Quorum Requirements Met: Yes

Agenda Topics

1.  Introductions

2.  Agenda Planning

3.  Review CQI WG 3-year Plan

4.  Project Updates

5.  CQI WG Decision-Making Practices

Supporting Documents – CQI HL7 wiki agenda

Minutes/Conclusions Reached:

·  Business Session

o  Introductions

o  Agenda Planning - Wiki agenda was updated real-time

o  Review CQI WG 3 year plan

§  No changes were made

§  Transition of standards

·  Need to develop a plan for the transition fairly soon.

·  Transition components will include:

o  Knowledge transfer from Structured Documents.

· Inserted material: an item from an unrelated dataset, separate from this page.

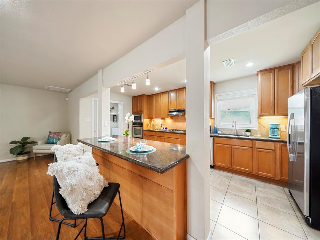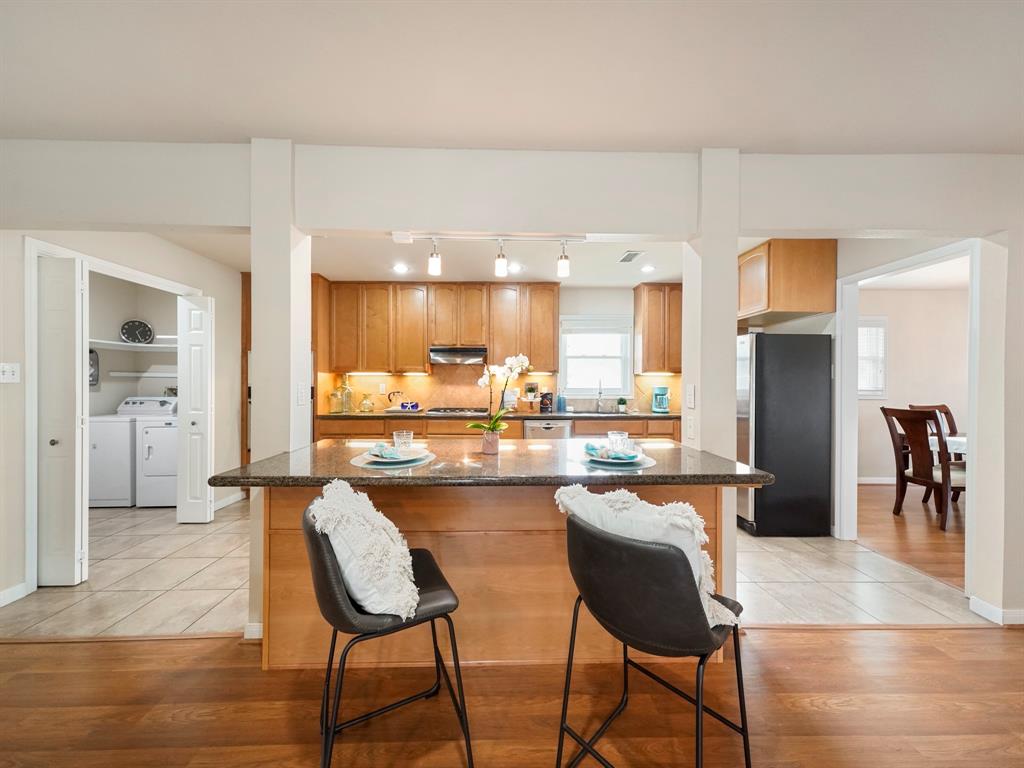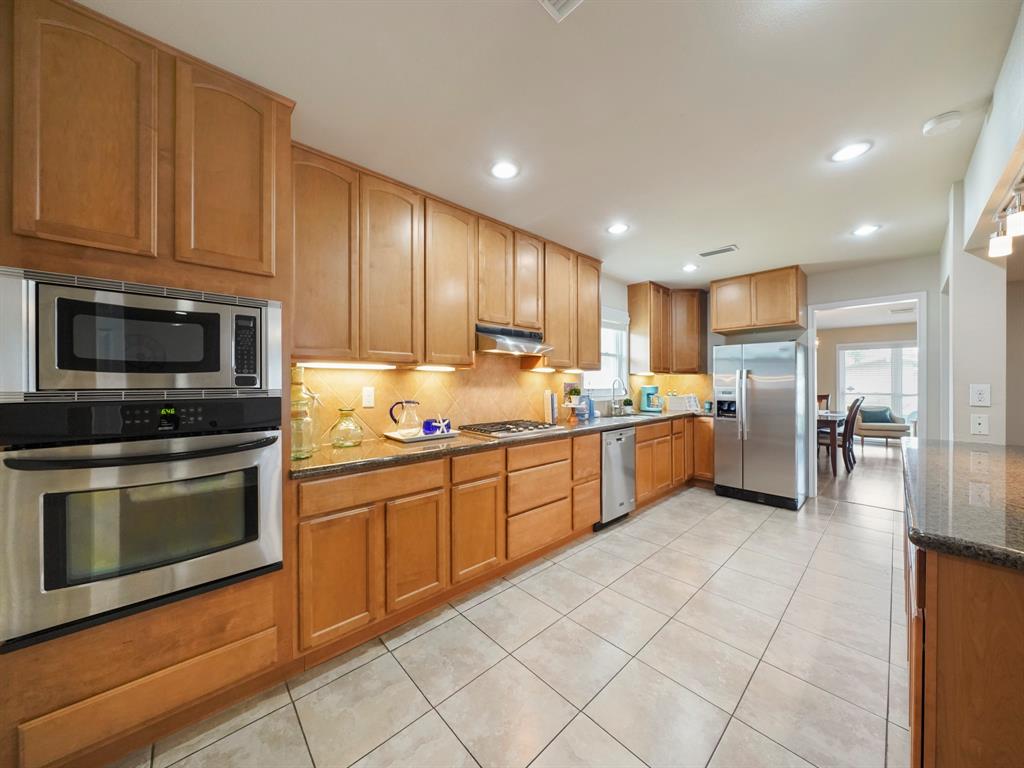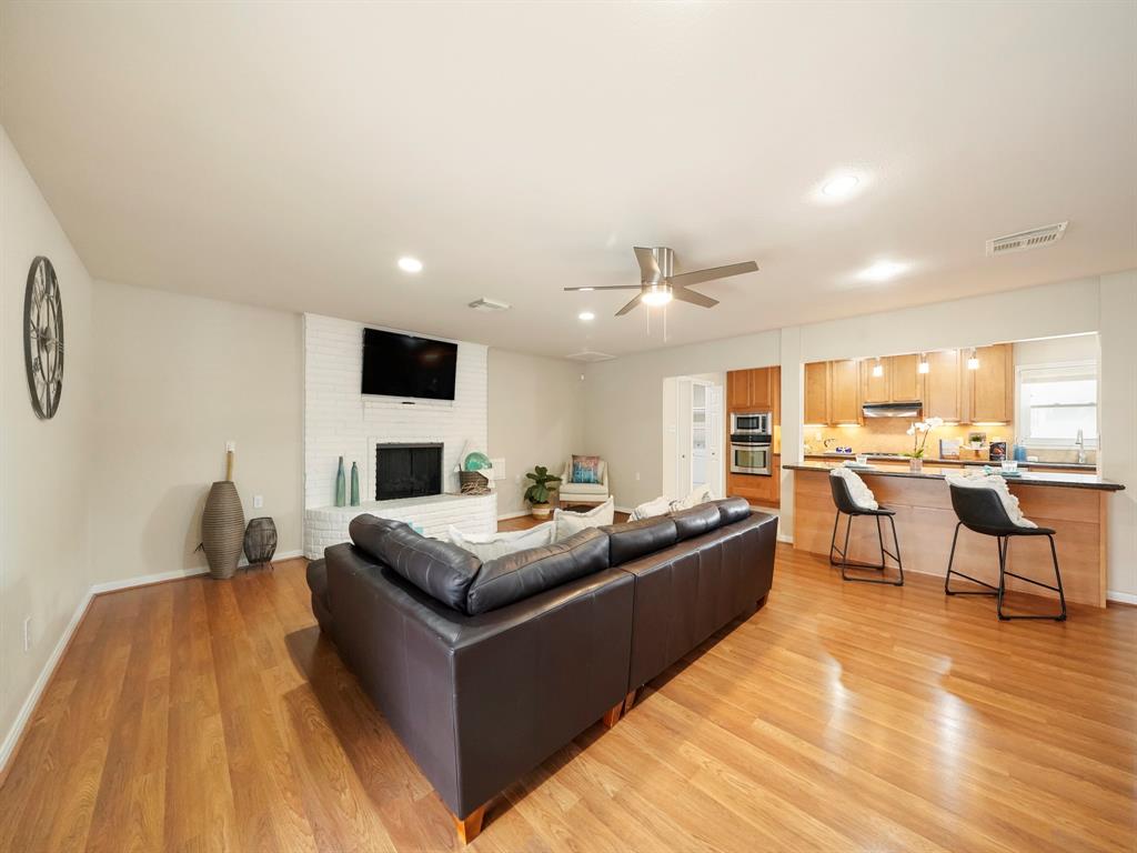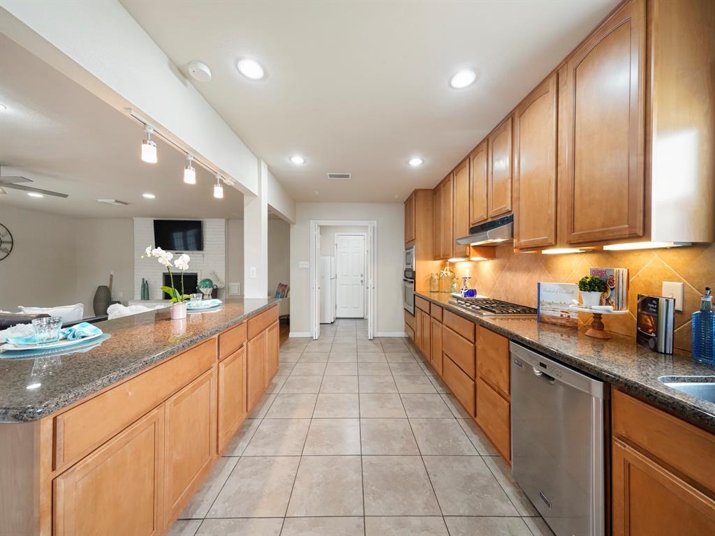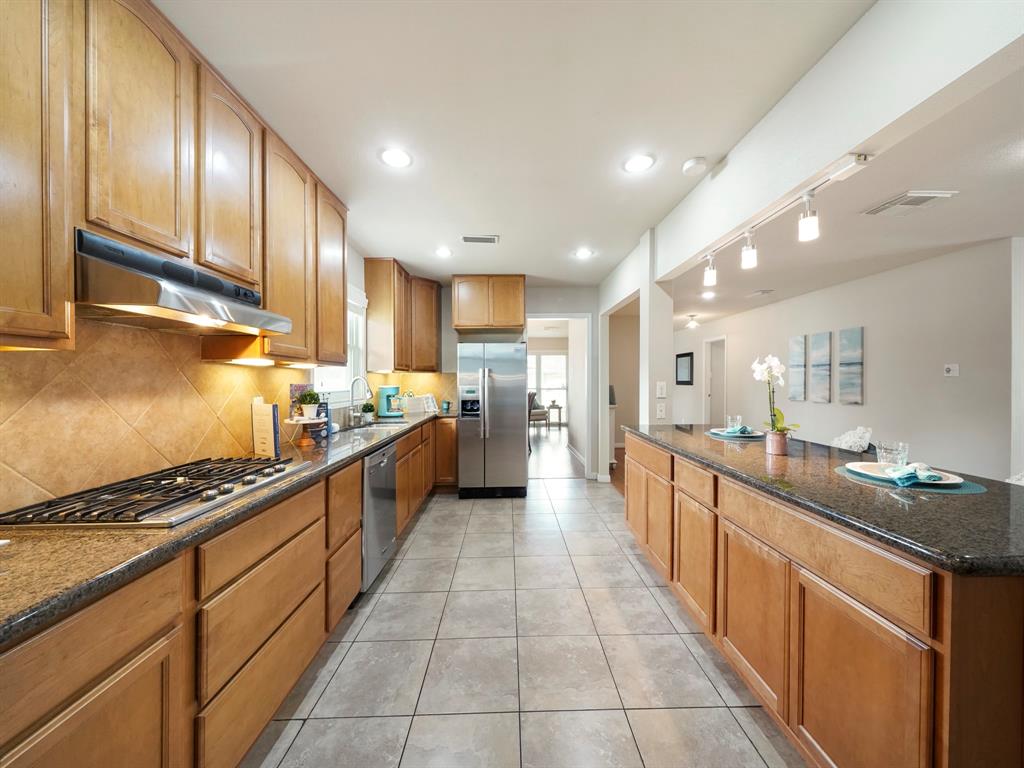This home is ready now! Well maintained 3 bedroom, 2 full bath one story in a great location. Home located on The West End of town walking distance to the beach and few minutes drive to Moody Gardens. Roof replaced April 2021. Home features open space family room to the kitchen, formal living room and formal dining. Primary suite with private primary bath. Gas fireplace, recessed lighting, utility room inside the home and 2 car garage. You're going to love the kitchen, custom cabinets, gas cooktop and under mounted lighting. Home was renovated after Ike including electric! Nice sized backyard with a covered back patio and privacy fence. Washer and dryer stay with the home! Make this your family home or Island Getaway!

o  Communication plan to ensure stakeholders are aware to whom they should submit questions.

§  Proposed New Work

·  First 4 items are moving forward and quarters at Cambridge have been put aside for each of them

·  QRDA Category II and Risk Model Transport are still proposed new work

o  Project updates

§  Julie Crouse discussed ONC requests for the quality standards. Further discussion will occur throughout the WG meeting.

o  CQI WG Decision-Making Practices

§  Discuss CQI’s Decision-making Process

·  Discussed at the Atlanta 2013 WGM and approved; however, the group wanted it to come back at another meeting due to the small number of people involved in the discussion.

·  Group reviewed the following changes where the wording changes are in blue italic text:

o  A quorum for committee meetings require that two co-chairs and at least three other HL7 CQI members be present, where no single organization or party represents more than one half (50%) of the voting Work Group membership for that meeting.

o  Any member present may move to table (defer) major decisions even if quorum is met. Reasons such as missing key stakeholders or supporting information must be documented at the time the motion carries. In accordance with Robert’s Rules of Order, such a motion to table requires a second, is not subject to debate, and shall be voted upon immediately.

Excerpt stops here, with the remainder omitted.